Father’s Day Sail

Fathers Day Sail at the Maritime Museum of San Diego

Father’s Day Sail

Make Father’s Day a special one-of-a-kind adventure!

Saturday, June 17 or Sunday, June 18, 2017

The Maritime Museum of San Diego invites you to a Fathers Day celebration aboard Californian or San Salvador.

Before the sail each adult receives a delicious bratwurst sandwich, chips and a cold beer prior to sailing. Hot dogs and soft drinks are available for the kids.

Food will be served from 10am-11:30am and the 3 hour sailing trip will begin boarding at 11:30 and returns approximately at 3:00 p.m. Guests are welcome to enjoy the museum before and after the sail.

The museums experienced crew will make your Fathers Day celebration unforgettable while working the lines and handling the sails; as you sail around the beautiful calm waters of San Diego Bay.

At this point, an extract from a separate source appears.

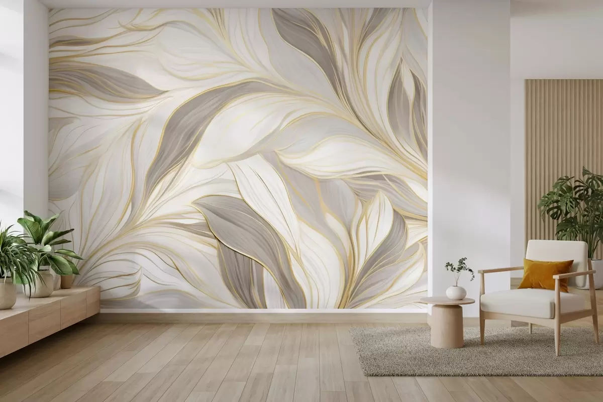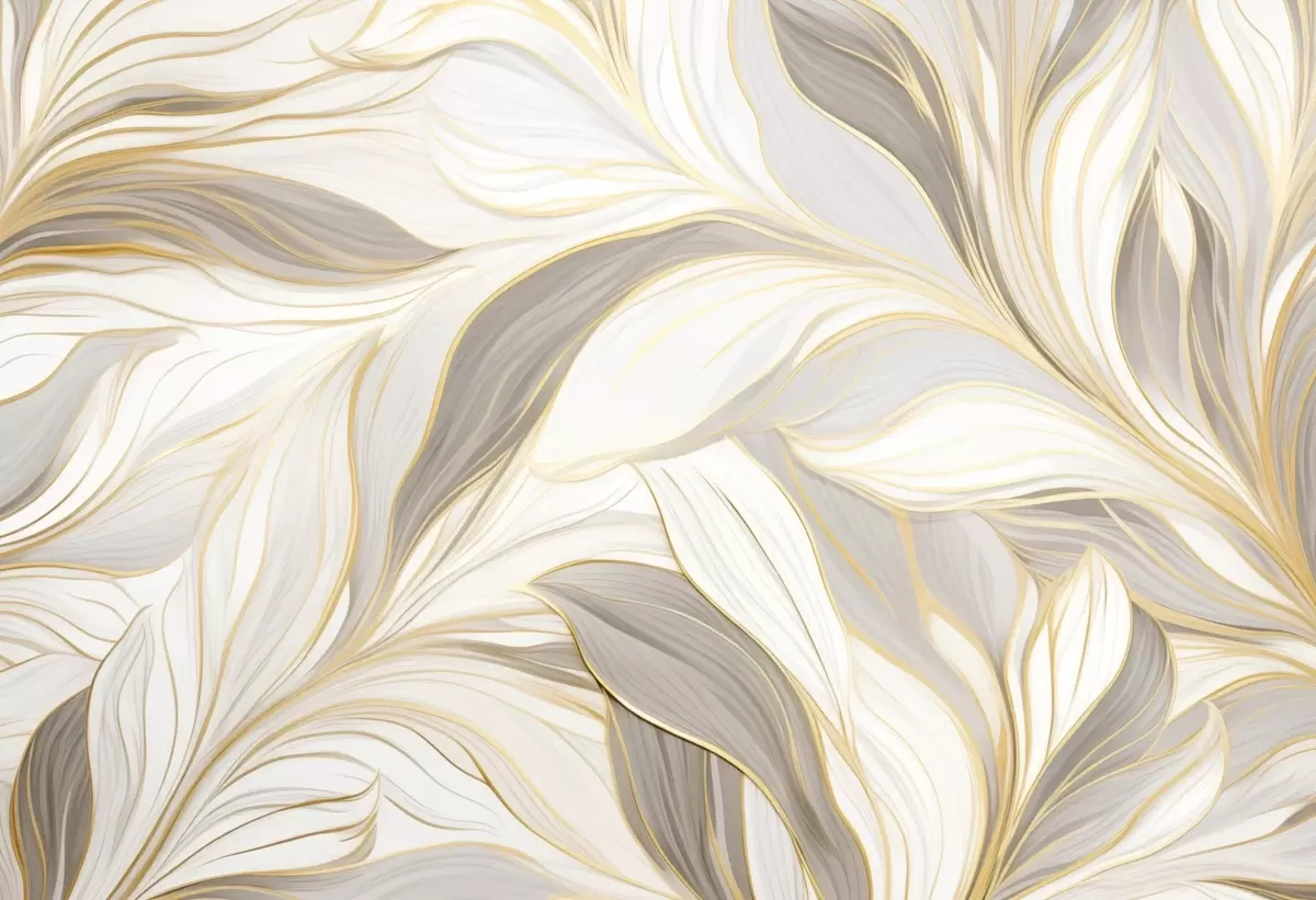 Fototapet Frunze cu curbe fine în nuanțe de bej-gri deschis Nr. w04609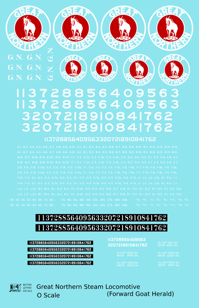 > Great Northern Steam Locomotive White and Red Forward Goat - Decal - Choose Scale

  • Food served: 10:00am to 11:30am
  • Boarding Check-in ends: 11:30pm
  • Sailing adventure returns: 3:00pm
  • This adventure is better suited for kids 6 and older
  • Museum admission included with ticket. Enjoy exploring the Maritime Museum of San Diego, before or after your sail.

Tickets:
Adults – $70
Child (12 – 3) – $48

Book now! Father’s Day Sail on CALIFORNIAN

Book now! Father’s Day Sail on SAN SALVADOR

The Californian is a replica of a gold rush era revenue cutter and the Official Tall Ship of the State of California. The museums experienced crew will make your Fathers Day celebration unforgettable while sailing aboard a traditionally rigged tall ship. Passengers will be invited to haul a line, man the helm and we end the day with a rousing cannon salute. Watch the crew as they scamper up and down the rigging to set and furl the sails. Listen as the Californian’s crew relate the history of sailing and exploration in San Diego, tales of whaling and sea otter trade, local sea battles, the art of ship’s gunnery, life at sea and more.

The San Salvador under the command of Juan Rodriguez Cabrillo, arrived at the port we now call San Diego on September 28, 1542, before proceeding further north in search of new trade routes that would link Mexico to Asia and Europe. She was the first recorded European vessel to sail along Southern California, and survey its coastline.